3.4.1. Goods Acquisition Efficiency Model

Goods Acquisition Efficiency (GAE) measures the time efficiency from the moment a consumer decides to shop until the goods are obtained. We quantify efficiency through the weighted sum of time required to acquire goods and express it in relative terms to enable cross-regional and cross-mode comparisons. GAE is calculated as:

$$GAE=1-{\displaystyle \frac{T_{weighted}}{T_{max}}}$$

(1)

where $T_{weighted}$ is the weighted total time for goods acquisition, and $T_{max}$ is the maximum observed value across all samples. A GAE value closer to 1 indicates greater time savings.

Time composition. The time required to obtain goods differs by mode (Figure 3). Under OIS, consumers travel to retail outlets themselves; acquisition time comprises travel time and in-store shopping time. Under O2H, consumers place orders via online platforms and await delivery; acquisition time comprises delivery time and online shopping time.

Entropy weighting. Because each time component contributes differently to overall efficiency, we applied the entropy weight method to determine weights objectively. This approach assigns higher weights to components with greater dispersion, as they explain more of the inter-regional variation in efficiency. Weighted times for the two modes are calculated as follows:

$$T_{OIS}={\omega }_1·T_{Travel}+{\omega }_2·T_{shopping\_offline}$$

(2)

$$T_{O2H}={\omega }_3·T_{delivery}+{\omega }_4·T_{shopping\_online}$$

(3)

where ${\omega }_i$ denotes the entropy weight for each component, derived from time data across 68 retail outlets (

Table 3. Entropy weights of time components.

Mode	Travel	Shopping (Offline)	Delivery	Shopping (Online)
OIS	0.370	0.63	-	-
O2H	-	-	0.381	0.619

). $T_{max}$ is set to the maximum weighted total time observed across both modes, ensuring comparability under a unified benchmark.

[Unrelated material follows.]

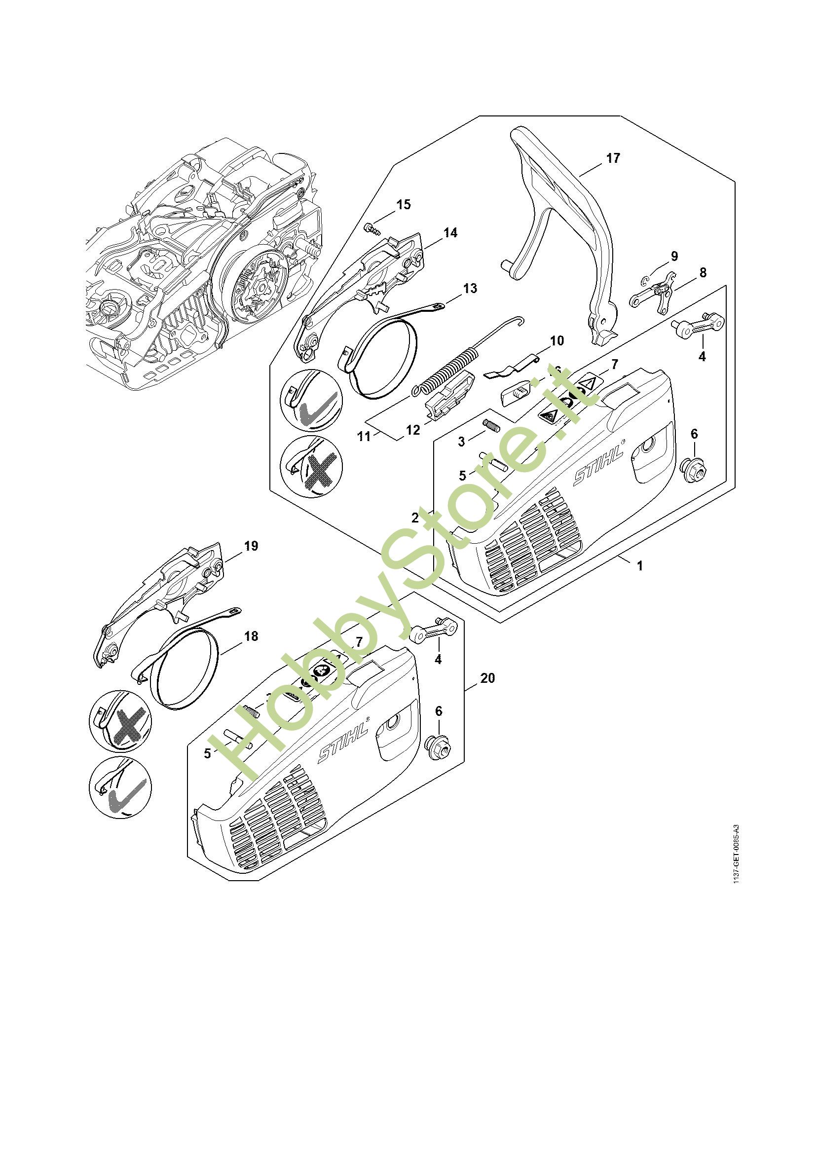 Ricambio Coperchio rocchetto catena Motoseghe a benzina (MS) MS 194 C-E STIHL Contiene anche i ricambi da n. 3 a 7
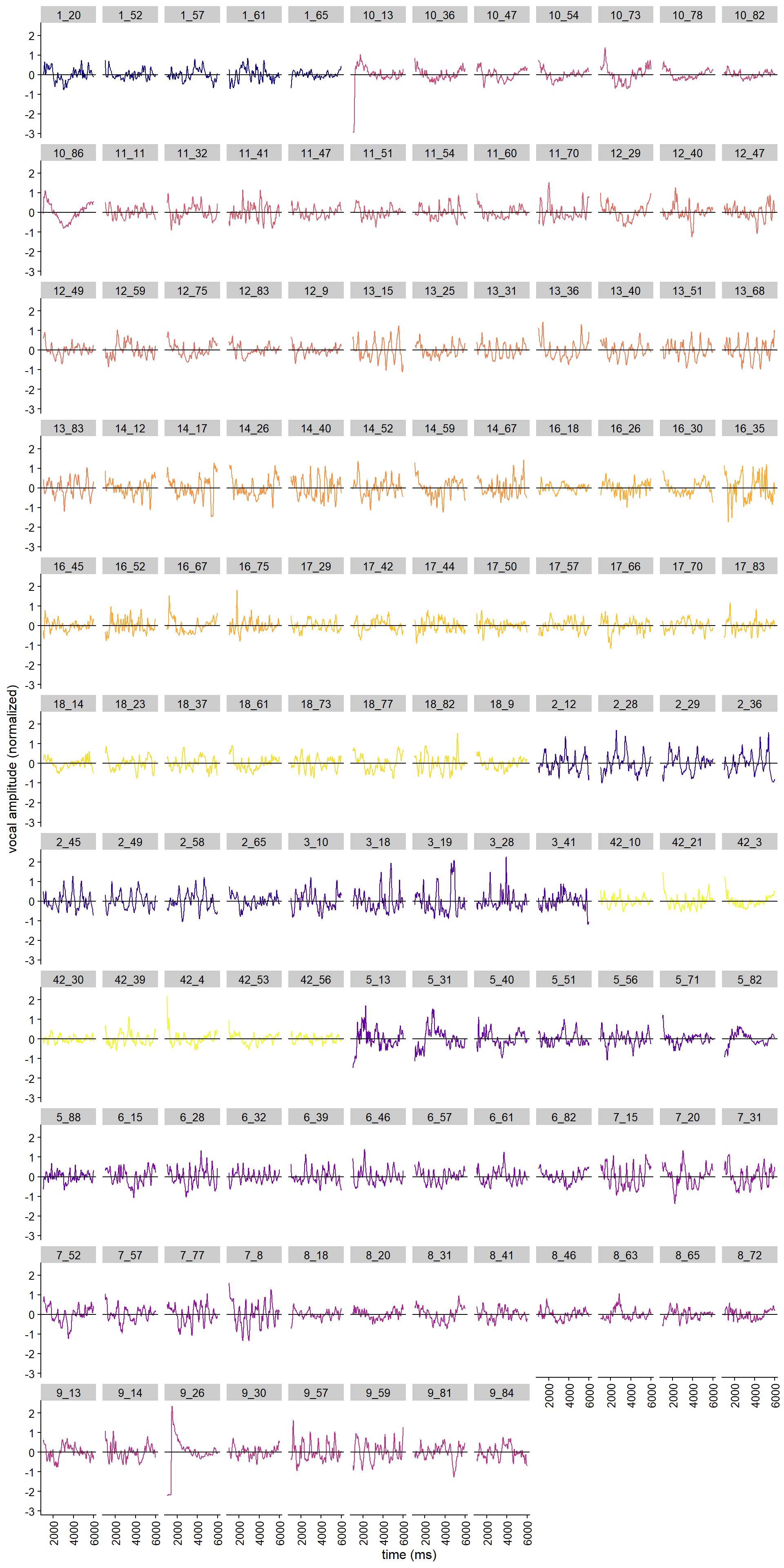 Note that there is a general decline in the amplitude of the vocalization during a trial (see Fig. @ref(fig:combinedtimeseries), top panel). This is to be expected, as the subglottal pressure falls when the lungs deflate. To quantify deviations from stable vocalizations, we therefore detrended the amplitude envelope time series, so as to assess positive or negative peaks relative to this trend line.

Efficiency gain calculation. The dependent variable in this study is the efficiency gain of O2H over OIS:

$$EfficiencyGain={GAE}_{O2O}-{GAE}_{OIS}$$

(4)

Efficiency gain represents the extent to which O2H reduces the time consumers spend acquiring goods compared with OIS.

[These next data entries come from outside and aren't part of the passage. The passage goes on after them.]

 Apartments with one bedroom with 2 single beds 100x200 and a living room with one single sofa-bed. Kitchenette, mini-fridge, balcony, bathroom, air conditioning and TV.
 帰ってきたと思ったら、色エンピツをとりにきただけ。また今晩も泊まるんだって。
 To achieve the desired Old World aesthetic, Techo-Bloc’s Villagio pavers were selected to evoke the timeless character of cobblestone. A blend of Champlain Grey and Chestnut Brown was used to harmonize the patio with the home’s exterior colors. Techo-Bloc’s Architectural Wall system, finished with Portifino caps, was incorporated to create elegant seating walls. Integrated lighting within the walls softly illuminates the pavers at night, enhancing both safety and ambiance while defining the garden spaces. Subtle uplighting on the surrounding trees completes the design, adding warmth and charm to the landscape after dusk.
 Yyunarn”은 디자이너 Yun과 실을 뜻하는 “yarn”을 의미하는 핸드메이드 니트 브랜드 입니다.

Sensitivity analysis. To test the robustness of the efficiency measurement, we also calculated the time saving ratio as an alternative measure:

$$\mathrm{T}\mathrm{i}\mathrm{m}\mathrm{e} \mathrm{S}\mathrm{a}\mathrm{v}\mathrm{i}\mathrm{n}\mathrm{g} \mathrm{R}\mathrm{a}\mathrm{t}\mathrm{i}\mathrm{o}={\displaystyle \frac{T_{OIS}-T_{O2H}}{T_{OIS}}}$$

(5)

where $T_{OIS}$ and $T_{O2H}$ represent the total acquisition time (travel/delivery time + shopping time) under OIS and O2H modes, respectively. This measure directly compares the raw time difference without entropy weighting, providing a robustness check for the main analysis.

3.4.2. XGBoost Model

To identify key factors influencing efficiency gains, we employed XGBoost (Extreme Gradient Boosting) to establish quantitative relationships between efficiency gains and spatial factors [69]. XGBoost is a gradient-boosting ensemble algorithm that iteratively constructs multiple decision trees and combines them through weighted aggregation, offering advantages in handling high-dimensional features and capturing nonlinear relationships [70].

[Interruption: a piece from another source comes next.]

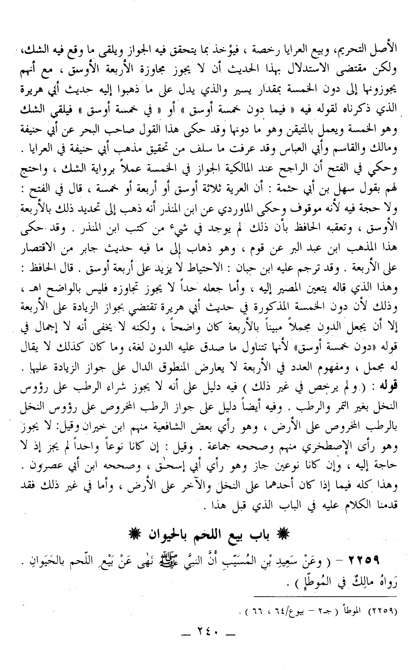 2259 - (وَعَنْ سَعِيدِ بْنِ الْمُسَيِّبِ أَنَّ النَّبِيَّ - صَلَّى اللَّهُ عَلَيْهِ وَسَلَّمَ - «نَهَى عَنْ بَيْعِ اللَّحْمِ بِالْحَيَوَانِ» رَوَاهُ مَالِكٌ فِي الْمُوَطَّأِ)
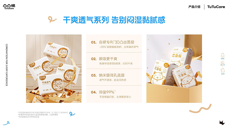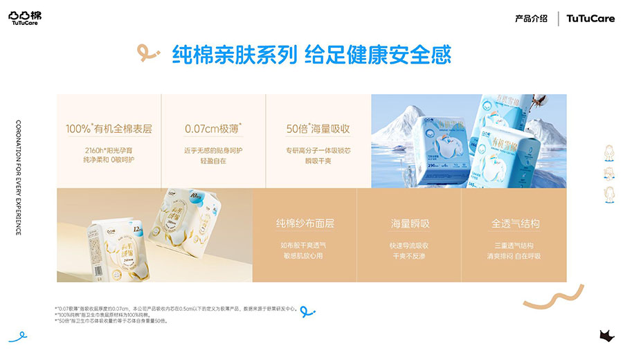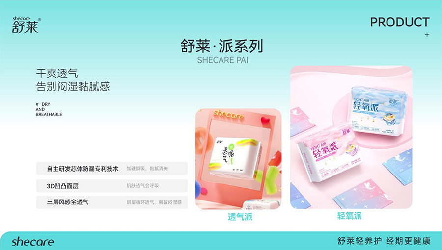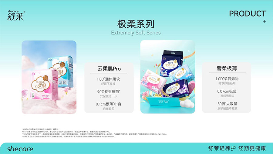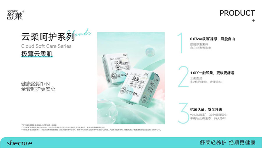 河南舒萊衛(wèi)生用品有限公司旗下?lián)碛惺嫒R、凸凸棉、純也、優(yōu)月季等品牌,產(chǎn)品涵蓋衛(wèi)生巾、安睡褲、護(hù)理液等品類。其中,舒萊品牌:S.H.E.CARE經(jīng)期健康管理體系,從科學(xué)、健康、舒適三大維度全方位呵護(hù)女性經(jīng)期健康。舒萊“輕養(yǎng)護(hù)”以漢方調(diào)養(yǎng)為根基,以科學(xué)抑護(hù)為本色,全方位調(diào)節(jié)女性經(jīng)期健康指數(shù),輕松實現(xiàn)經(jīng)期護(hù)理;凸凸棉品牌:獨(dú)創(chuàng)A.C.E.CARE品質(zhì)管理體系,以Air Tech干爽透氣、Comfort Tech舒適體感、Ecology Tech安全衛(wèi)生為核心,打造更懂女性的護(hù)理體驗。

The dataset was split into training and test sets at an 8:2 ratio. Given the distinct data characteristics across urban zones, model parameters were adjusted accordingly (

Table 4. XGBoost Model Parameters.

Urban Zone	n_estimators	learning_rate	max_depth	subsample	colsample_bytree	reg_lambda (L2)
Inner Urban Zone	1000	0.01	10	0.8	0.8	0.2
Middle Urban Zone	500	0.02	6	0.3	0.3	1.0
Outer Urban Zone	1000	0.01	10	0.5	0.5	0.2

). For the Middle Urban Zone, a transitional area with higher spatial heterogeneity, stronger regularization (max_depth = 6, reg_lambda = 1.0) was applied to mitigate overfitting. Additionally, Moran’s I test was conducted to assess the spatial independence of model residuals and verify the appropriateness of random splitting for spatial data.

3.4.3. SHAP Analysis

The “black-box” nature of XGBoost makes it difficult to interpret relationships between input variables and outputs. To address this, we introduced SHAP (SHapley Additive exPlanations) to quantify each factor’s contribution to efficiency gains. Rooted in the Shapley value from cooperative game theory, SHAP calculates the marginal contribution of each feature to model predictions, providing both global feature importance rankings and local single-sample explanations [71].

4. Results

4.1. Efficiency Comparison Across Regions

Using the Goods Acquisition Efficiency model, we calculated efficiency values for the three urban zones under both OIS and O2H modes. The results reveal significant differences between the two modes (p < 0.001).

In the Inner Urban Zone (Figure 4a), median efficiency values for OIS and O2H are 0.69 and 0.87, respectively, yielding an efficiency gain of 0.18. Retail outlets are densely distributed and transport is convenient in this zone; OIS already performs well, leaving limited room for O2H to add value. In the Middle Urban Zone (Figure 4b), median efficiency values are 0.60 for OIS and 0.80 for O2H, with an efficiency gain of 0.20. Retail service provision is relatively weaker here, and O2H effectively enhances goods acquisition efficiency through instant delivery. The Outer Urban Zone (Figure 4c) exhibits median efficiency values of 0.56 for OIS and 0.82 for O2H, producing an efficiency gain of 0.26—the highest among the three zones. Retail outlets are sparse in this area, and consumers face lengthy travel times under OIS; O2H substantially reduces the time needed to obtain goods.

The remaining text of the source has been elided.